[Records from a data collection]
****
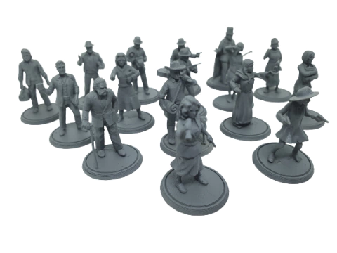 16 Miniaturas de Investigadores, podem ser ultilizadas para os jogos: Arkham Horror LCG ou Mansions of Madness first edition.
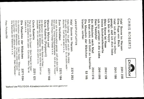Ak Sänger Chris Roberts, Portrait, Autogramm
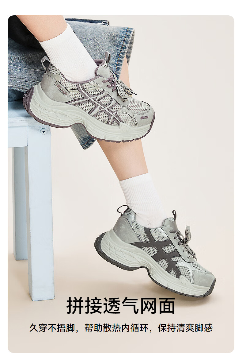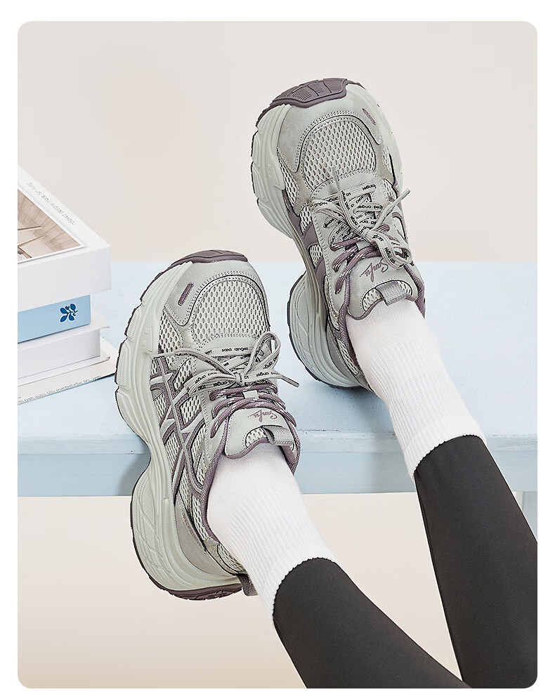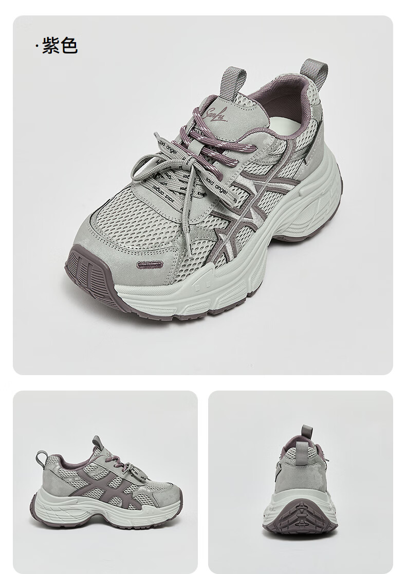 SANFU women's sports shoes spring fashionable sports texture stitching mesh round toe dad shoes women's shoes 852274 purple 35
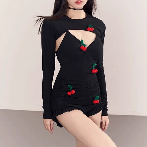 水着 ワンピース チェリー スイムウェア さくらんぼ 体型カバー 日焼け対策 スイムウェア ラッシュガード フリル かわいい レディース ybh1354
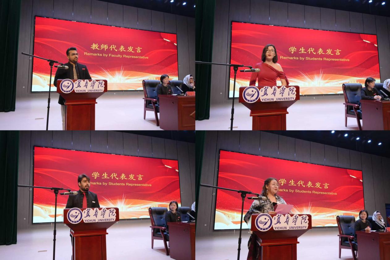 学生代表发言则展现了多元文化背景下的成长轨迹。2021级巴基斯坦留学生马龙讲述了跨文化适应与专业学习的难忘历程;来自哈萨克斯坦的交换生爱涵回忆了从机场接机到文化体验所感受到的温暖;2024级马来西亚留学生郭淑欣则讲述了语言学习与参与文化活动的收获与喜悦。
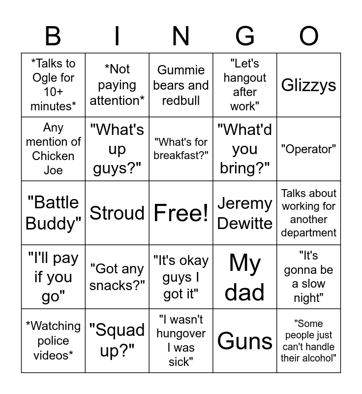 This bingo card has a free space and 34 words: Quiktrip, Guns, Democrats, Any mention of katanas, "I'll pay if you go", "What's up guys?", Glizzys, *Watching police videos*, *Not paying attention*, Twisted Trompo, "What's for breakfast?", Gummie bears and redbull, "I got gloves in the car", Motorone, Jeremy Dewitte, "Operator", "Squad up?", "Battle Buddy", "Got any snacks?", My dad, "It's okay guys I got it", "I've been cool with you haven't I?", *Talks to Ogle for 10+ minutes*, Talks about working for another department, "I wasn't hungover I was sick", "Some people just can't handle their alcohol", "Let's hangout after work", Lasertag, "What'd you bring?", Any mention of Chicken Joe, "Okay I'll shutup then", Stroud, "It's gonna be a slow night" and "Simmer down".
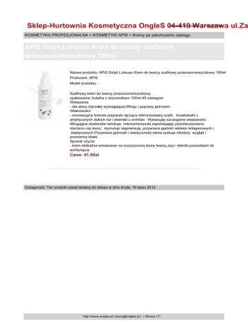 Utworzono: piątek, 27 maj 2016 Sklep-Hurtownia Kosmetyczna OngleS 04-419 Warszawa ul.Za KOSMETYKA PROFESJONALNA > KOSMETYKI APIS > Kremy po zakończeniu zabiegu APiS Dotyk Luksusu Krem do twarzy szafirowy przeciwzmarszczkowy 100ml Nazwa produktu: APiS Dotyk Luksusu Krem do twarzy szafirowy przeciwzmarszczkowy 100ml Producent: APIS Model produktu: Szafirowy krem do twarzy przeciwzmarszczkowy opakowanie: butelka z dozownikiem 100ml-45 zabiegow Wskazania: - dla skory dojrzałej wymagającej liftingu i poprawy jędrności Właściwości: - innowacyjna formuła preparatu łącząca mikronizowany szafir, krioekstrakt z artyktycznych dzikich roż i ekstrakt z orchidei. Wykazując szczegolne właściwości liftingujące doskonale redukuje mikrozmarszczki zapobiegając przedwczesnemu starzeniu się skory; stymuluje regenerację ,przywraca gęstość włokien kolagenowych i elastynowych.Przywraca jędrność i elastyczność-skora zyskuje młodszy wygląd i promienny blask. Sposob użycia: - krem delikatnie wmasować na oczyszczoną skorę twarzy,szyi i dekoltu;pozostawić do wchłonięcia Cena: 41.00zł Dostępność: Ten produkt został dodany do sklepu w dniu środa, 18 lipiec 2012 http://www.ongles.pl | [email protected] | | Strona 1/1
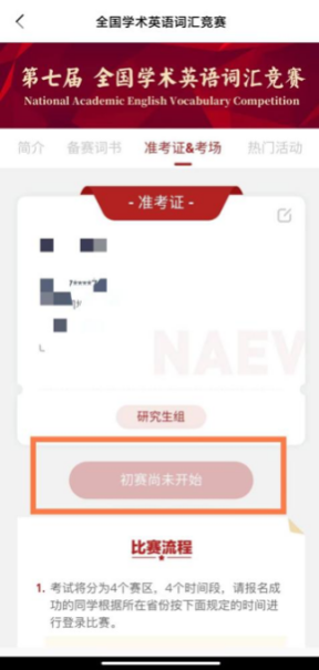 决赛时间:5月21日 下午19:00~20:00,仅限一场,决出“全国特等奖”,并授予“学术英语词汇之星”称号。
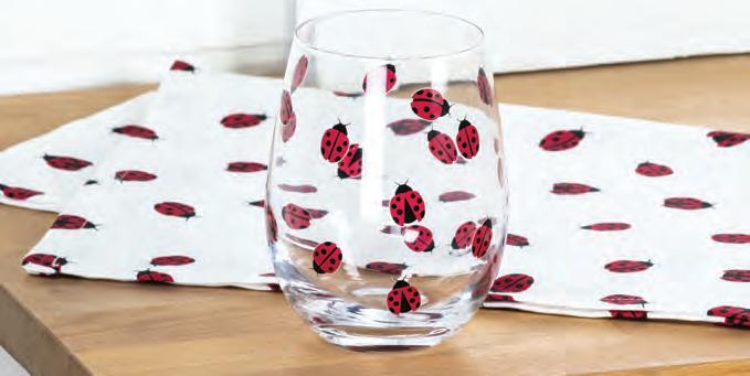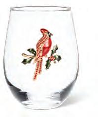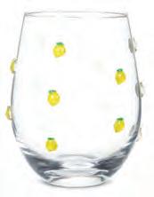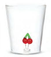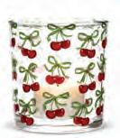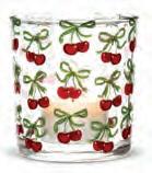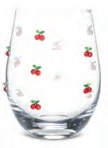 Min 4 4.5"H (18oz) 24/C Stemless Glass with Cherries. Clear/Red. Glass.
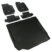 Need an affordable solution to keep the cabin floors of your Jeep looking factory fresh? Try Rugged Ridges All Terrain Floor Liners! Made of a durable OE-quality thermoplastic material that can withstand the rigor of daily abuse, each liner is perfectly contoured to your vehicles floor for precise secure fitment (floor hook attachment where applicable). The raised lip captures all spills, water and debris keeping your interior pristine. Features a chevron shape patented deep tread technology. Patent 8,163,369, D627,285, 2,699,641
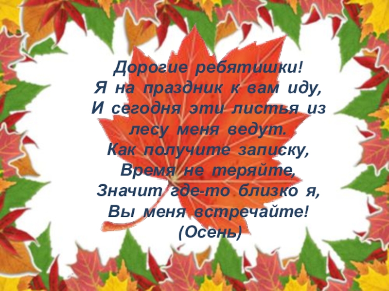Дорогие  ребятишки!Я  на  праздник  к  вам  иду,И  сегодня  эти  листья  из  лесу  меня  ведут.Как  получите  записку,Время  не
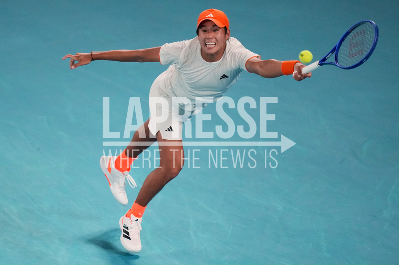 Learner Tien of the U.S. plays forehand return to Alexander Zverev of Germany during their quarterfinal match at the Australian Open tennis championship in Melbourne, Australia, Tuesday, Jan. 27, 2026. (AP Photo/Dita Alangkara)
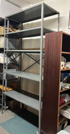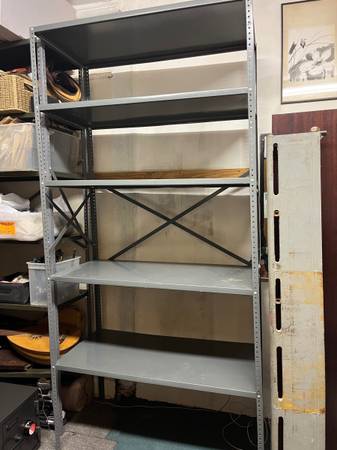 99” tall x 48” wide x 24” deep heavy duty industrial steel shelving, grey color.
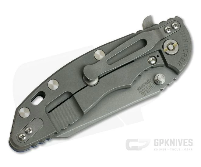 Tri-Way Pivot:Â The newest innovation from Rick Hinderer, the Tri-Way pivot features milled pockets in the blade and frame allowing for the use of ball bearing pivot washers (installed) or, utilizing steel spacers to fill those pockets, you can use either of the included sets of nylon or bronze washers to customize the action and operation of your knife.
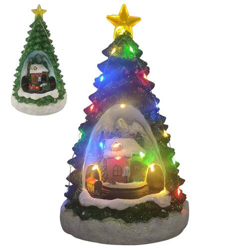 Mini Árvore de Natal com cenário Natalino Músical Iluminado com Estação de Trem possuindo 22cm.
****
What this task involves:
A faithful copy of all the records is required, with the pictures left out.

Answer to this exercise:
 16 Miniaturas de Investigadores, podem ser ultilizadas para os jogos: Arkham Horror LCG ou Mansions of Madness first edition.
Ak Sänger Chris Roberts, Portrait, Autogramm
 SANFU women's sports shoes spring fashionable sports texture stitching mesh round toe dad shoes women's shoes 852274 purple 35
 水着 ワンピース チェリー スイムウェア さくらんぼ 体型カバー 日焼け対策 スイムウェア ラッシュガード フリル かわいい レディース ybh1354
 学生代表发言则展现了多元文化背景下的成长轨迹。2021级巴基斯坦留学生马龙讲述了跨文化适应与专业学习的难忘历程;来自哈萨克斯坦的交换生爱涵回忆了从机场接机到文化体验所感受到的温暖;2024级马来西亚留学生郭淑欣则讲述了语言学习与参与文化活动的收获与喜悦。
 This bingo card has a free space and 34 words: Quiktrip, Guns, Democrats, Any mention of katanas, "I'll pay if you go", "What's up guys?", Glizzys, *Watching police videos*, *Not paying attention*, Twisted Trompo, "What's for breakfast?", Gummie bears and redbull, "I got gloves in the car", Motorone, Jeremy Dewitte, "Operator", "Squad up?", "Battle Buddy", "Got any snacks?", My dad, "It's okay guys I got it", "I've been cool with you haven't I?", *Talks to Ogle for 10+ minutes*, Talks about working for another department, "I wasn't hungover I was sick", "Some people just can't handle their alcohol", "Let's hangout after work", Lasertag, "What'd you bring?", Any mention of Chicken Joe, "Okay I'll shutup then", Stroud, "It's gonna be a slow night" and "Simmer down".
 Utworzono: piątek, 27 maj 2016 Sklep-Hurtownia Kosmetyczna OngleS 04-419 Warszawa ul.Za KOSMETYKA PROFESJONALNA > KOSMETYKI APIS > Kremy po zakończeniu zabiegu APiS Dotyk Luksusu Krem do twarzy szafirowy przeciwzmarszczkowy 100ml Nazwa produktu: APiS Dotyk Luksusu Krem do twarzy szafirowy przeciwzmarszczkowy 100ml Producent: APIS Model produktu: Szafirowy krem do twarzy przeciwzmarszczkowy opakowanie: butelka z dozownikiem 100ml-45 zabiegow Wskazania: - dla skory dojrzałej wymagającej liftingu i poprawy jędrności Właściwości: - innowacyjna formuła preparatu łącząca mikronizowany szafir, krioekstrakt z artyktycznych dzikich roż i ekstrakt z orchidei. Wykazując szczegolne właściwości liftingujące doskonale redukuje mikrozmarszczki zapobiegając przedwczesnemu starzeniu się skory; stymuluje regenerację ,przywraca gęstość włokien kolagenowych i elastynowych.Przywraca jędrność i elastyczność-skora zyskuje młodszy wygląd i promienny blask. Sposob użycia: - krem delikatnie wmasować na oczyszczoną skorę twarzy,szyi i dekoltu;pozostawić do wchłonięcia Cena: 41.00zł Dostępność: Ten produkt został dodany do sklepu w dniu środa, 18 lipiec 2012 http://www.ongles.pl | [email protected] | | Strona 1/1
 决赛时间:5月21日 下午19:00~20:00,仅限一场,决出“全国特等奖”,并授予“学术英语词汇之星”称号。
 Min 4 4.5"H (18oz) 24/C Stemless Glass with Cherries. Clear/Red. Glass.
 Need an affordable solution to keep the cabin floors of your Jeep looking factory fresh? Try Rugged Ridges All Terrain Floor Liners! Made of a durable OE-quality thermoplastic material that can withstand the rigor of daily abuse, each liner is perfectly contoured to your vehicles floor for precise secure fitment (floor hook attachment where applicable). The raised lip captures all spills, water and debris keeping your interior pristine. Features a chevron shape patented deep tread technology. Patent 8,163,369, D627,285, 2,699,641
Дорогие  ребятишки!Я  на  праздник  к  вам  иду,И  сегодня  эти  листья  из  лесу  меня  ведут.Как  получите  записку,Время  не
 Learner Tien of the U.S. plays forehand return to Alexander Zverev of Germany during their quarterfinal match at the Australian Open tennis championship in Melbourne, Australia, Tuesday, Jan. 27, 2026. (AP Photo/Dita Alangkara)
 99” tall x 48” wide x 24” deep heavy duty industrial steel shelving, grey color.
 Tri-Way Pivot:Â The newest innovation from Rick Hinderer, the Tri-Way pivot features milled pockets in the blade and frame allowing for the use of ball bearing pivot washers (installed) or, utilizing steel spacers to fill those pockets, you can use either of the included sets of nylon or bronze washers to customize the action and operation of your knife.
 Mini Árvore de Natal com cenário Natalino Músical Iluminado com Estação de Trem possuindo 22cm.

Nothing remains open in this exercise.